### What you should do
Lines with "Bauchtücher" in them are to be located in the listing below and copied.
Top of Given records
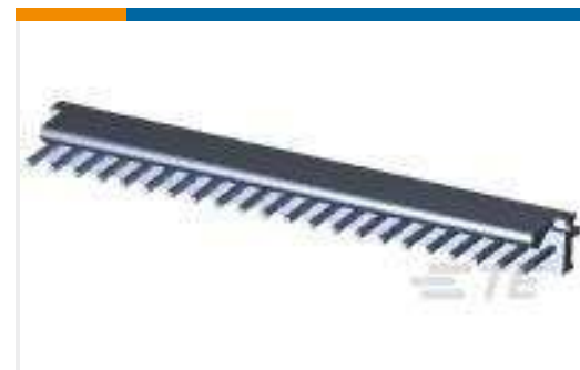
TE Teilnr.:2-640456-2 22P MTA100 HDR ASSY F/L SQ STR
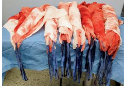
Abb. 4 Verwendete gezählte Bauchtücher, übersichtlich im 5er-Bündel gerollt. Zählung erfolgt durch das Vier-Augen-Prinzip.

wendete Bauchtücher und Kompressen als Putztücher zu benutzen. Hier besteht die zusätzliche Gefahr, dass solche als Reinigungstücher verwendete Bauchtücher in die abschließende Zählkontrolle geraten.
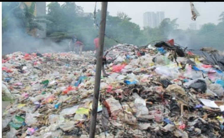
Gambar 2. Tumpukan sampah setelah melakukan survey

Peneliti menyusun program kerja Pengabdian Masyarakat di Desa Pasirsari, yakni kegiatan yang dilakukan secara offline dan online dengan tema “ Trash for Cash , Meningkatkan Ekonomi Kreatif dengan Pengolahan Sampah”. Kegiatan dilakukan di Aula Desa Pasirsari dengan mematuhi protokol kesehatan. Selain itu, kegiatan juga dilakukan secara online menggunakan zoom . Sebelum acaraterselenggara peneliti mempublikasikan pamflet acara secara online.
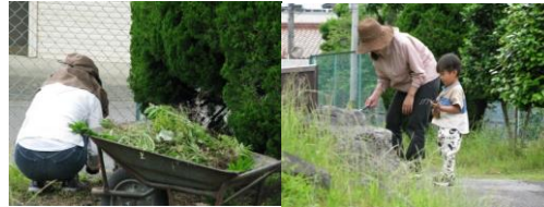
6月1日(月) 絶好の草取りデーとなりました。
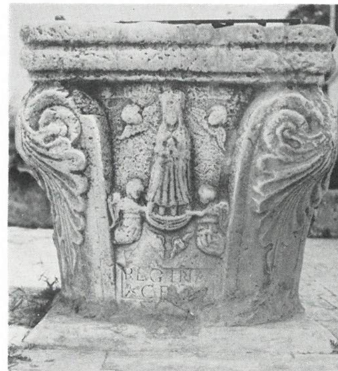
Slika br. 3. Kruna bunara (druga strana) spomenutog Doma u Trogiru.

Pored tog povećanja svote za izdržavanje Liceja, sastavljač ove molbe je predložio da se ta nova školska ustanova premjesti iz samostana sv. Lazara u gradski samostan sv. Dominika, kojemu bi se moglo
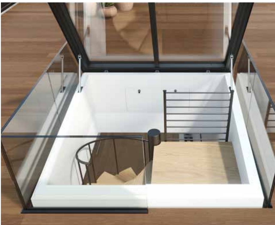
Terrassiakna suurus võimaldab mugava liikumise nii terrassile kui terrassilt tagasi tuppa.
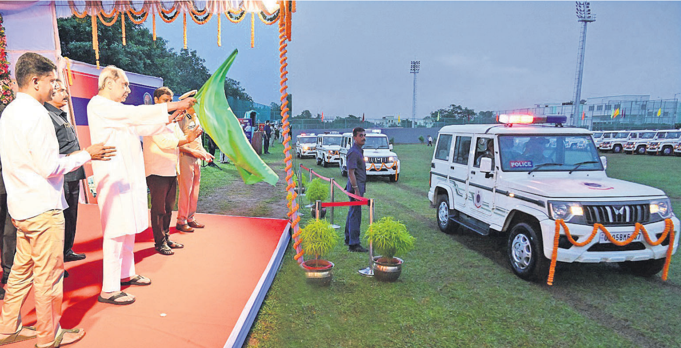
ପୃଷ୍ଠାମନ୍ତ୍ରୀ ନବୀନ ପଟ୍ଟନାୟକ ଶନିବାର ଭୁବନେଶ୍ୱର ଓଏସ୍‌ସ୍‌ସି ୭ମ ବାଟାଲିଅନ ପରିସରରେ ଓଡ଼ିଶାବାସୀଙ୍କ ସେବାରେ ୧୦୦ଟି ପୋଲିସ୍ ଯାନର ଲୋକାର୍ପଣ କରୁଛନ୍ତି। ନିକଟରେ ଅଛନ୍ତି ୫-ଟି ସଟିବ ଭି.କେ. ପାଠିଆନ। (ରିପୋର୍ଟ: ପୃଷ୍ଠା-୪)
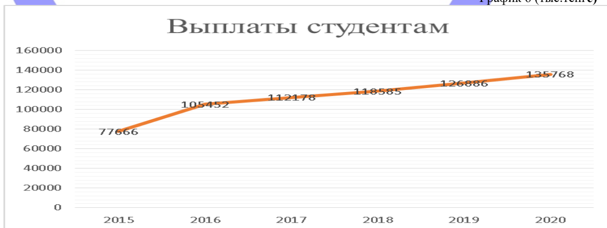
График 6 (тыс.тенге)

Как видно на графике динамика расходов на выплаты студентам имеет положительную динамику, так как коррелируется с финансовыми поступлениями.
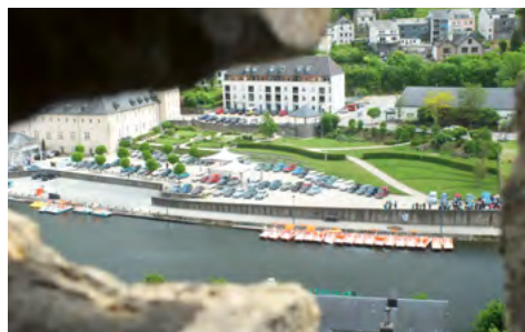
Udsigt til de opstillede Minors fra middelalderborg

Der sprang engang imellem en gnist fra det tykke kabel på tændspolen til en af de tynde ledninger. Det blev klaret med en justering af gummimuffen på tændspolen. Men der var også en underlig tikkende lyd ved nogle bestemte omdrejninger. Det lød som om det kom fra strømfordeleren, men ingen havde et bud på, hvad det var, og nu kørte bilen godt igen. Så var det tid til at være turist med kaffe, frokost og besøg på byens middelalderborg.
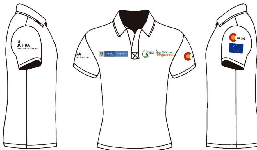
Imagen 5. Referencia para la ubicación de logos en camiseta tipo polo

6 Total: 124 Camibusos manga larga, estampados, color beige (62 para mujeres y 62 para hombres)
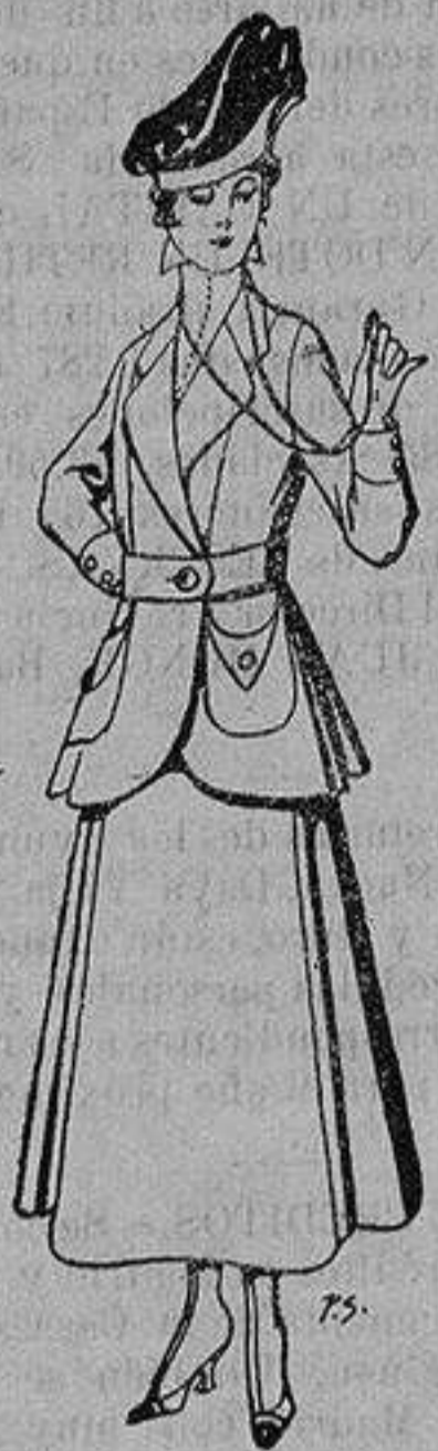
Trajes de lana negra, azul y color, para señora De ptas. 50 a 55
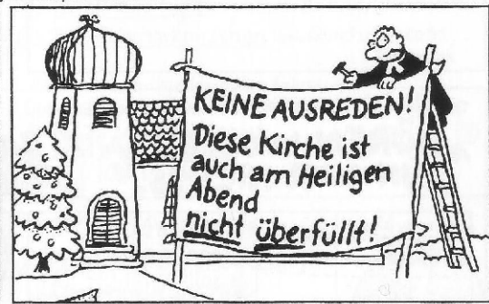
... und die Mißerfolge des vergangenen Jahres vermeiden.
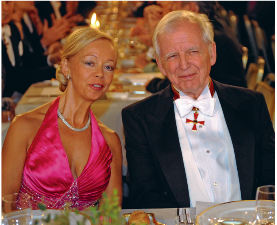
Figur 2 Gruppen professores emeriti er tungt representert blant nobelpristakere, her Harald zur Hausen (f. 1936), en av vinnerne av prisen i medisin eller fysiologi i 2008. Han fikk prisen for sin grunnleggende forskning om humant papillomvirus (HPV). Bildet viser zur Hausen med frue under festmiddagen i Stockholm 10.12. 2008.
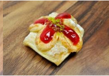
櫻桃丹麥花籃 Cherry Jam Danish Pastry
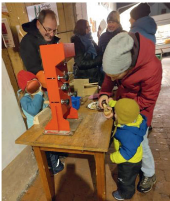
Kleine Nussknacker mit großer Maschine

Zum Gelingen des Projektes trugen wesentlich bei: Der Bund Naturschutz Irsee mit Unterstützung der beiden Ausstellungen, der Gartenbauverein mit seiner Obstpresse und der nostalgischen Kurbelmaschine zum Nüsse knacken, die UNESCO-AG der Josef-Guggenmos-Grundschule mit Spielen rund um die Streuobstwiese und ihr Freundeskreis mit den köstlichen, frisch frittierten Apfelküchle. Allen Beteiligten ein herzliches Dankeschön!
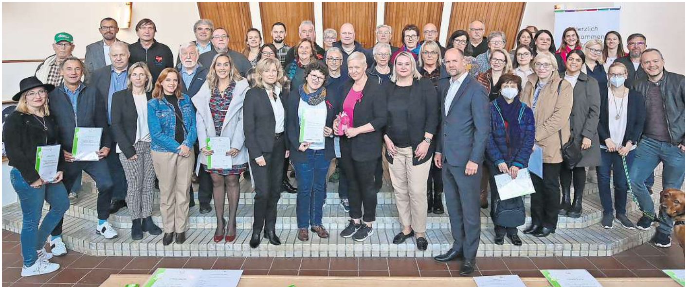
Gewonnen hatten sie am Ende alle: Glückliche Gesichter gab es bei den Vertretern der teilnehmenden Projekte bei „Gemeinsam helfen 2022“ im Rahmen der Preisübergabe in der Heilig-Geist-Kirche.
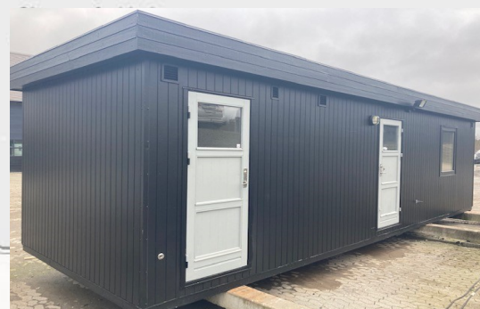
Eksempel på pavillon med toiletter (ca. 9x3 meter)
Bottom of Given records
### Solution
Abb. 4 Verwendete gezählte Bauchtücher, übersichtlich im 5er-Bündel gerollt. Zählung erfolgt durch das Vier-Augen-Prinzip.
wendete Bauchtücher und Kompressen als Putztücher zu benutzen. Hier besteht die zusätzliche Gefahr, dass solche als Reinigungstücher verwendete Bauchtücher in die abschließende Zählkontrolle geraten.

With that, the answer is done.